● Activity
Below, locate the line that contains "De badkamer is". Repeat exactly from that line to the line that contains "奉化大堰学校寄来的信件和照片", inclusive, leaving out the pictures.

(Items from a dataset)
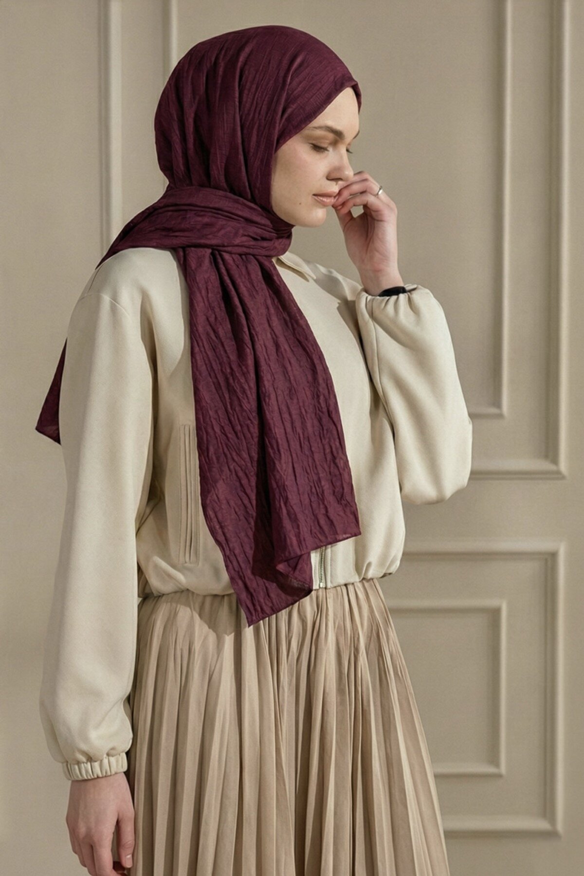 Bordo'nun asil ve derin tonu, Kraş şalın yumuşak dokusuyla birleşerek güçlü bir duruş sergiler. Kış aylarının şıklığını zarafetle tamamlayın.
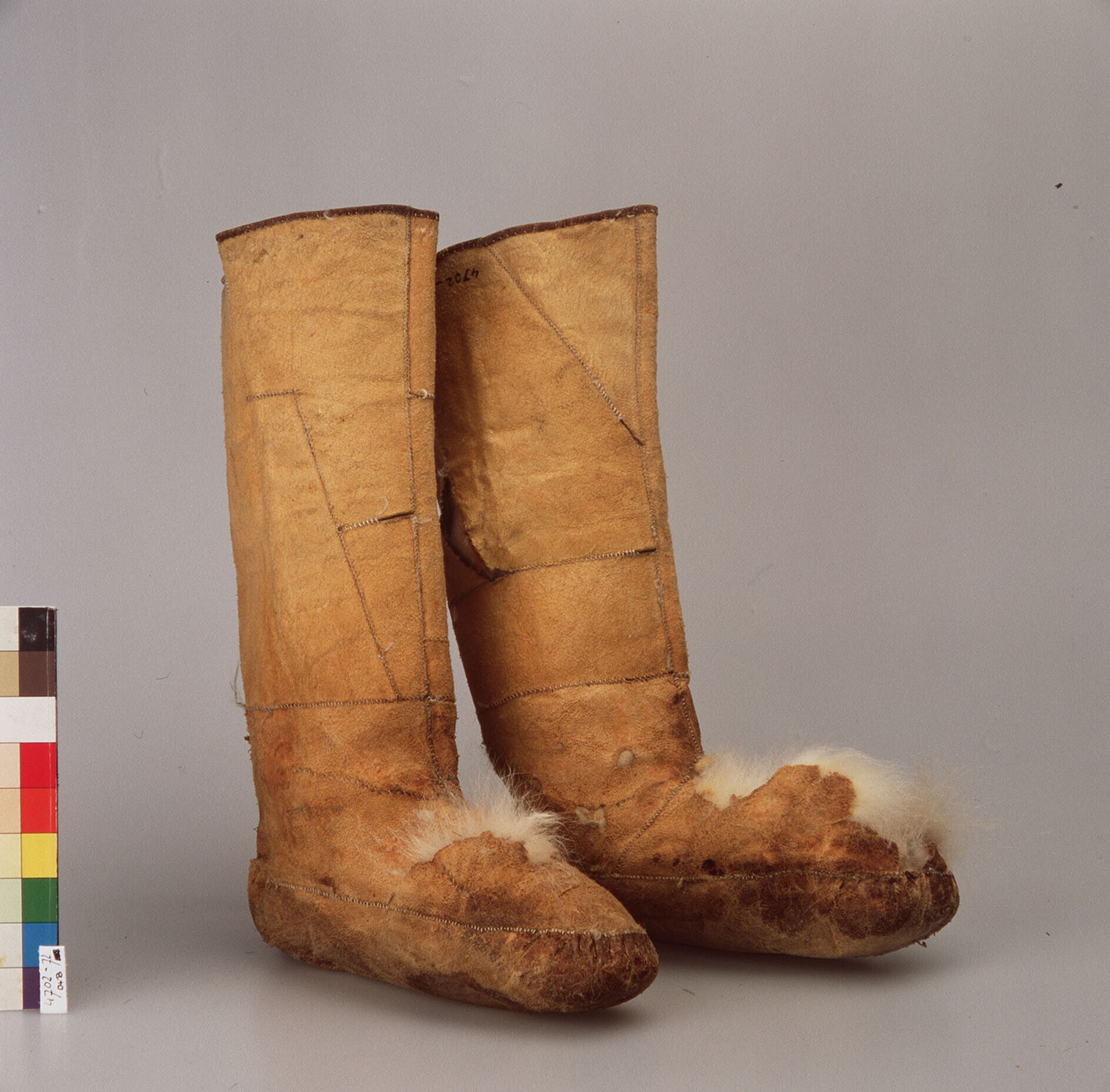 Boots made of sealskin from which the hair has been removed. The legs of both outer and inner boots are from the skin of the ringed seal. The soles are of bearded-seal skin. The feet of the inner boots are made from dog fur. The boots are sewn with nylon thread or line. A large ...
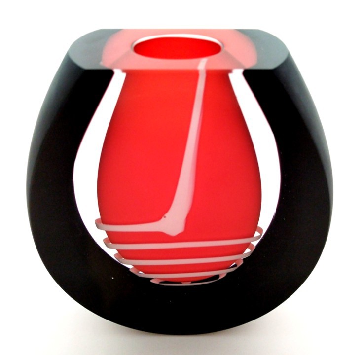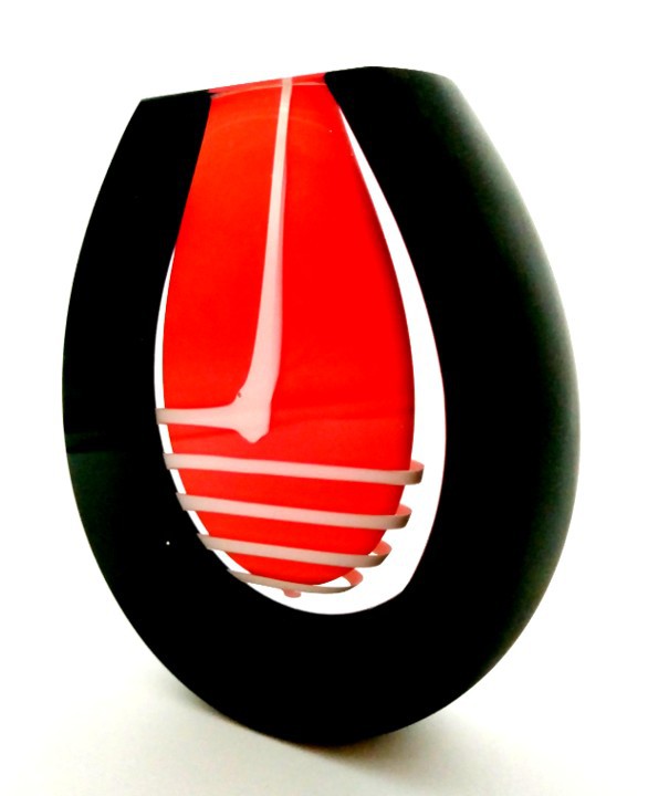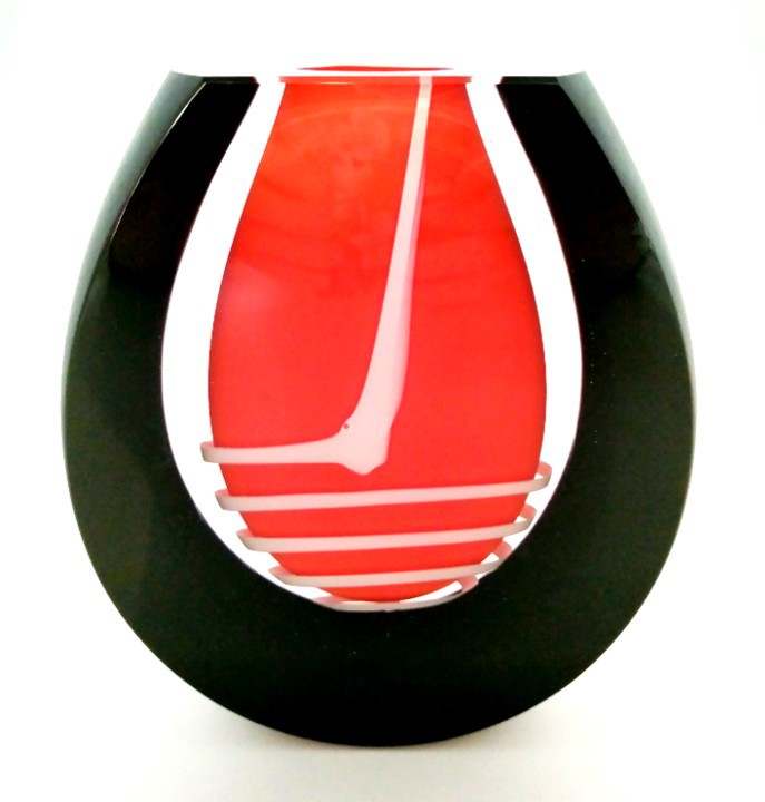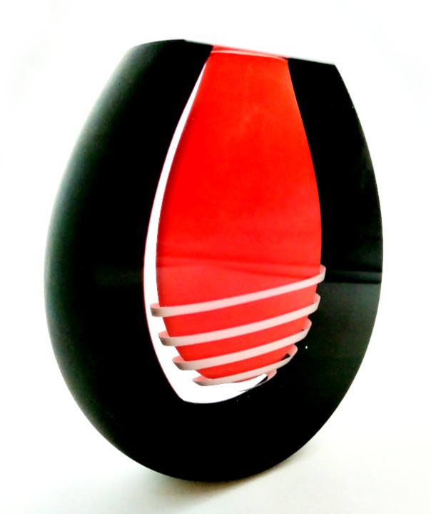 A twirl of white dances around the central red drop in this art glass vase, framed in dramatic black.
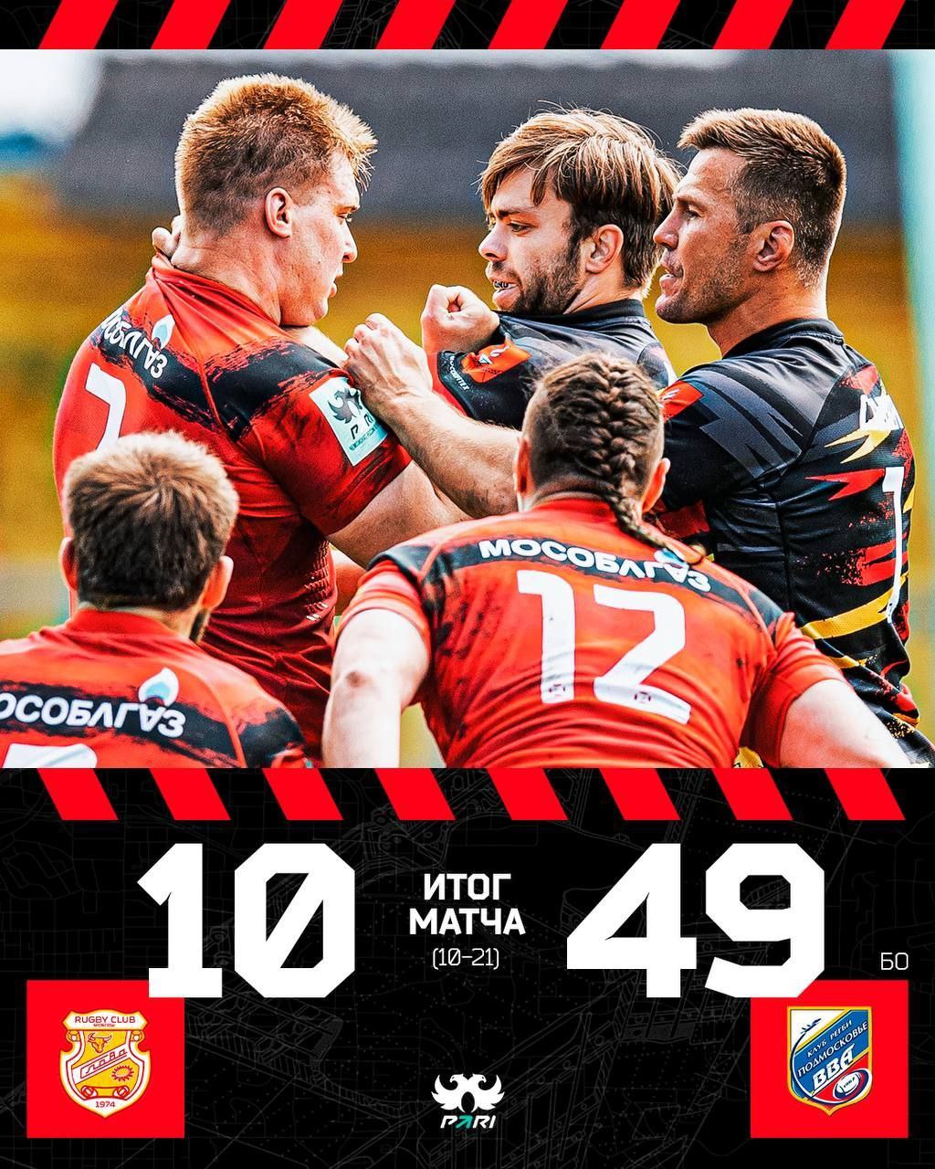 В прошедшее воскресенье состоялся матч против московской команды «Слава», который завершился со счётом 10 : 49 в пользу нашего клуба!
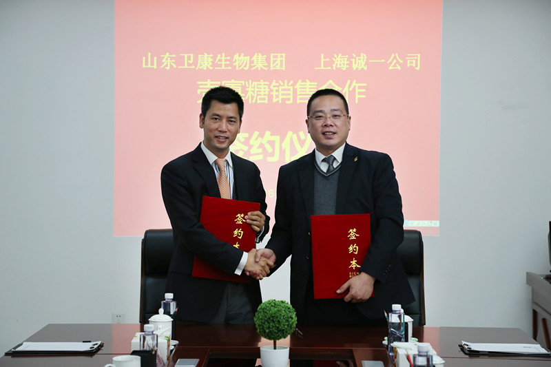 3月10日上午,山東衛康生物集團會議室內,衛康生物集團副董事長、常務副總裁劉中偉與上海誠一食品原料有限公司董事長李潑的手緊緊握在了一起。兩家企業正式簽署了《殼寡糖銷售合作協議》,邁出了共贏的關鍵一步。
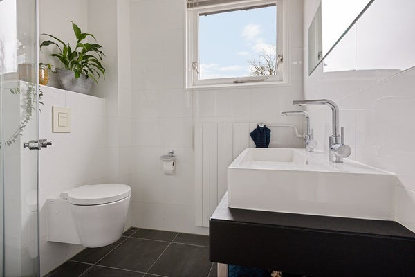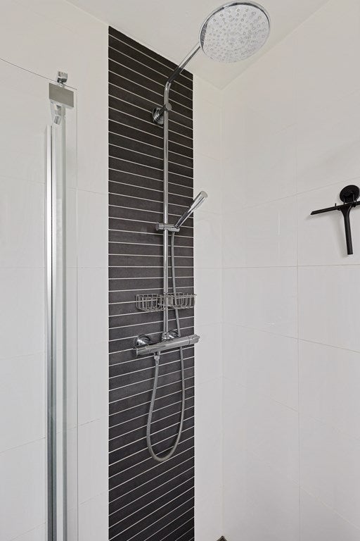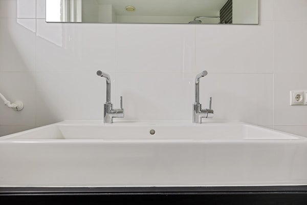 De badkamer is compleet uitgevoerd met een separate douche, een wastafelmeubel en een toilet. Er is een raam aanwezig voor daglicht en natuurlijke ventilatie.
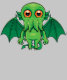 Vector cartoon illustration of cute green baby baby Cthulhu monster with big orange eyes. Tags: cthulhu, octopus, monster, lovecraft, chibi, squid, sea, ocean, animal, creature
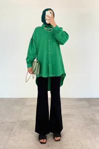 Green-1 Shirt Collar Long Arm Cotton Unprinted Shirt
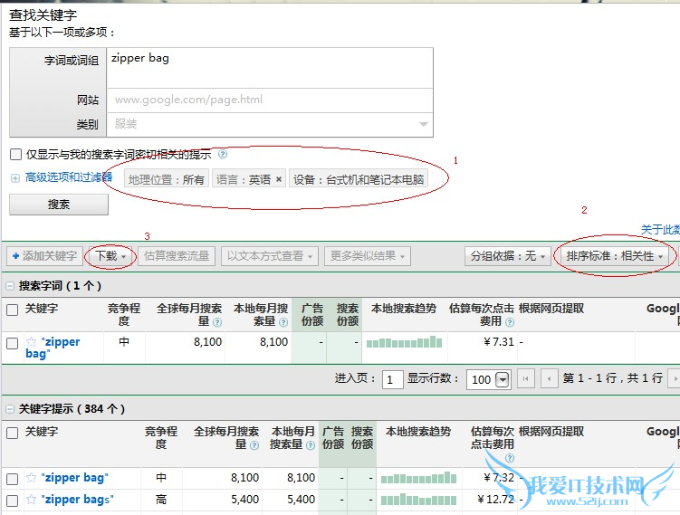 图中所示,1是要选择正确的语言和地域,很简单。2是这边的按照相关性排序。3.在关键词上选择本页,然后下载前100个。
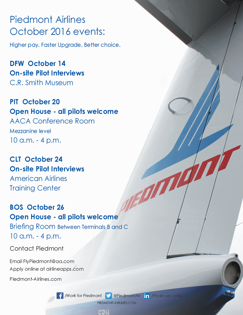 Piedmont Airlines Announces October Events
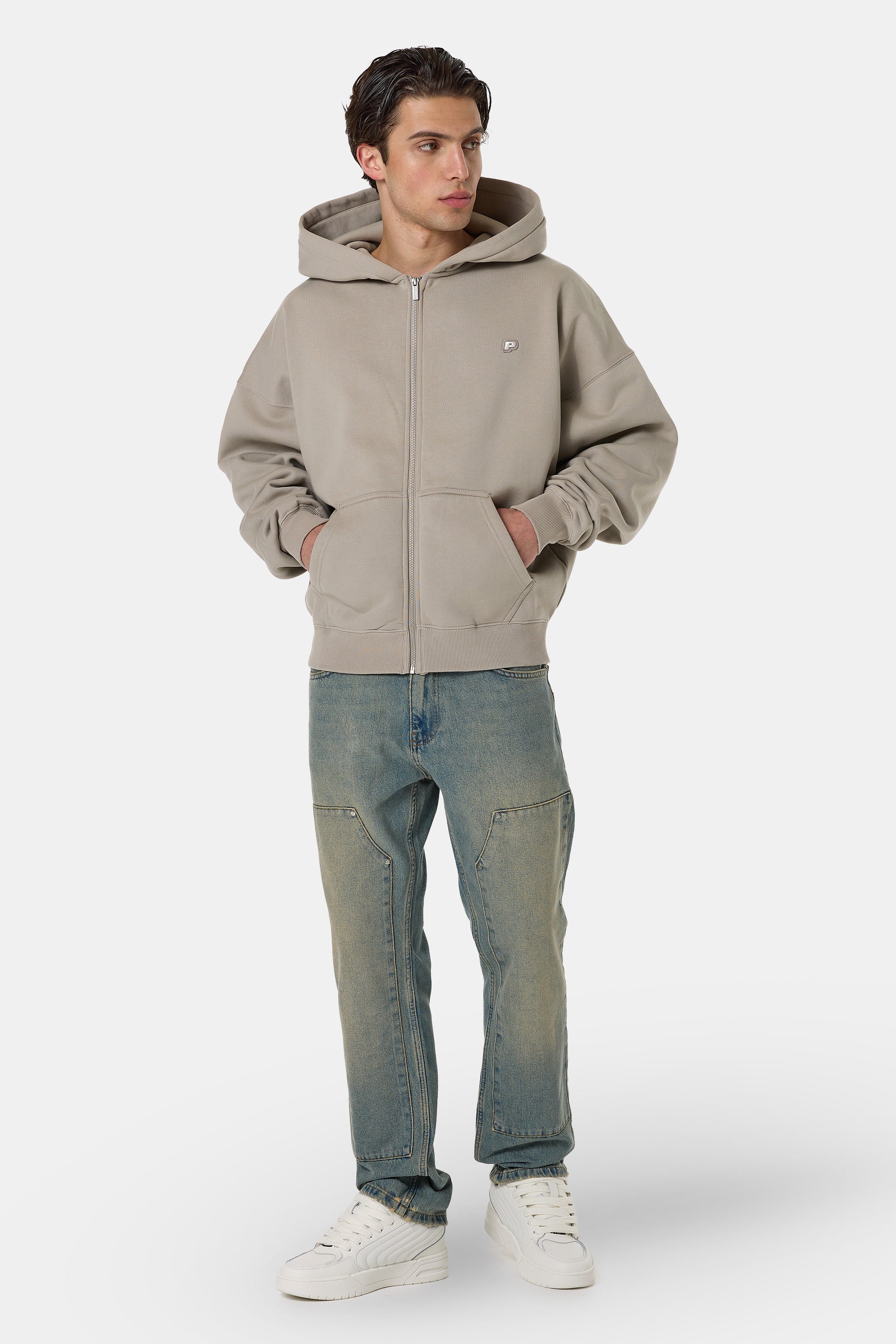 - silver metal logo patch to the right pocket
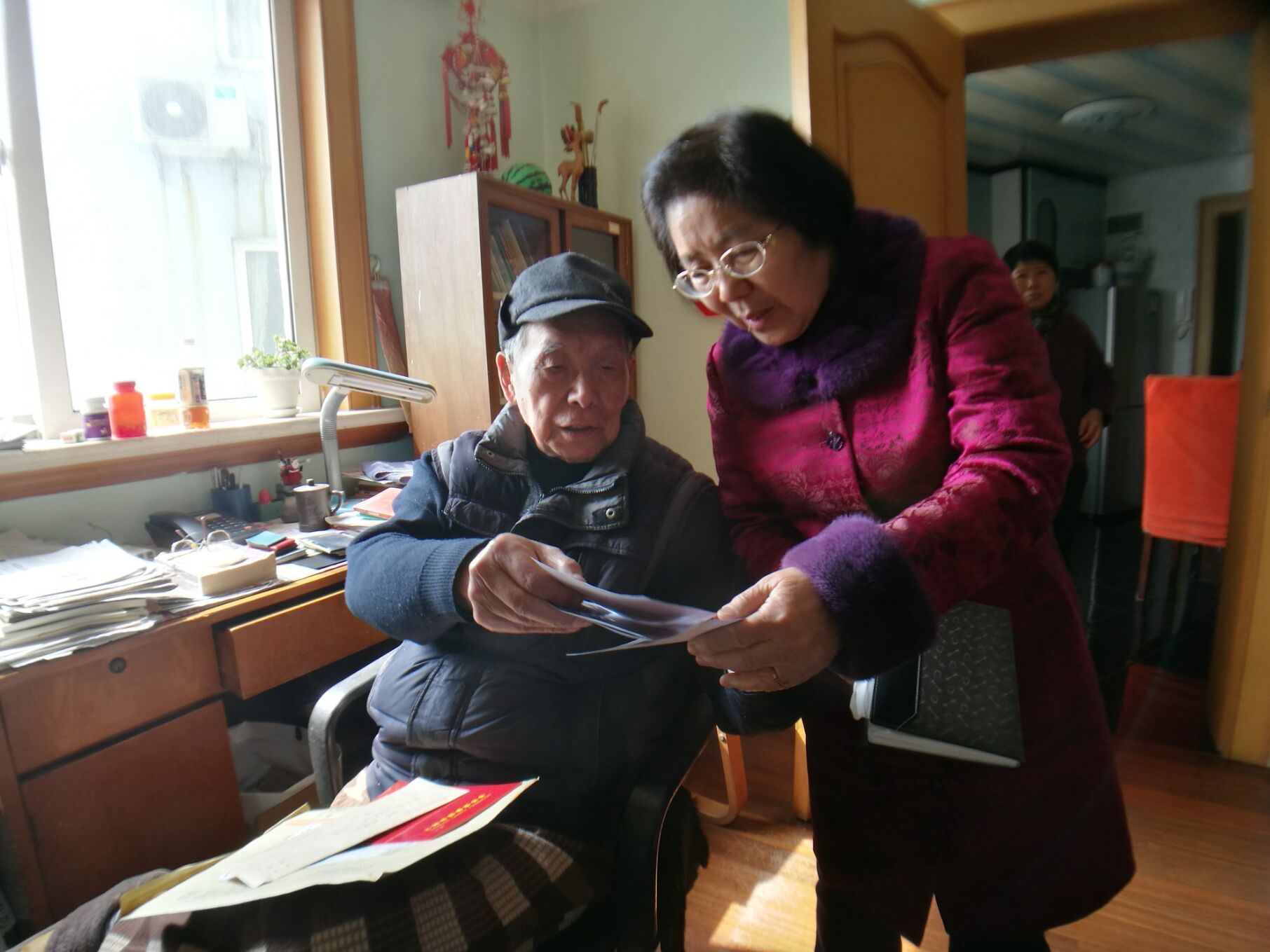 奉化大堰学校寄来的信件和照片让叶老颇为欣慰,他和女儿叶良骏一起分享这份喜悦。王晨辉 摄
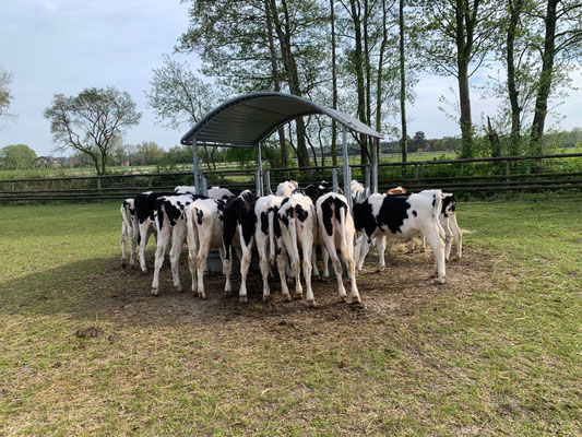 Da ich heute morgen noch kurz nach Ede gehe, um Einkäufe zu machen, kann ich die Kälberweide erst am Nachmittag abbollen. Leider fängt es genau dann auch an zu regnen und ich werde pitschnass. Das macht mir allerdings nicht viel aus, denn was wäre ich für eine Bäuerin, wenn ich Regen nicht mag :-). Auch heute muss ich ihnen wieder Heu bringen. Die Kleinen werden alle auch patschnass, da es allerdings nicht sehr kalt ist, denke ich, dass sie den Regen eher schätzen. Viele von ihnen haben juckende und offene Stellen im Fell und der Regen tut da bestimmt gut.

● Result below
 De badkamer is compleet uitgevoerd met een separate douche, een wastafelmeubel en een toilet. Er is een raam aanwezig voor daglicht en natuurlijke ventilatie.
 Vector cartoon illustration of cute green baby baby Cthulhu monster with big orange eyes. Tags: cthulhu, octopus, monster, lovecraft, chibi, squid, sea, ocean, animal, creature
 Green-1 Shirt Collar Long Arm Cotton Unprinted Shirt
 图中所示,1是要选择正确的语言和地域,很简单。2是这边的按照相关性排序。3.在关键词上选择本页,然后下载前100个。
 Piedmont Airlines Announces October Events
 - silver metal logo patch to the right pocket
 奉化大堰学校寄来的信件和照片让叶老颇为欣慰,他和女儿叶良骏一起分享这份喜悦。王晨辉 摄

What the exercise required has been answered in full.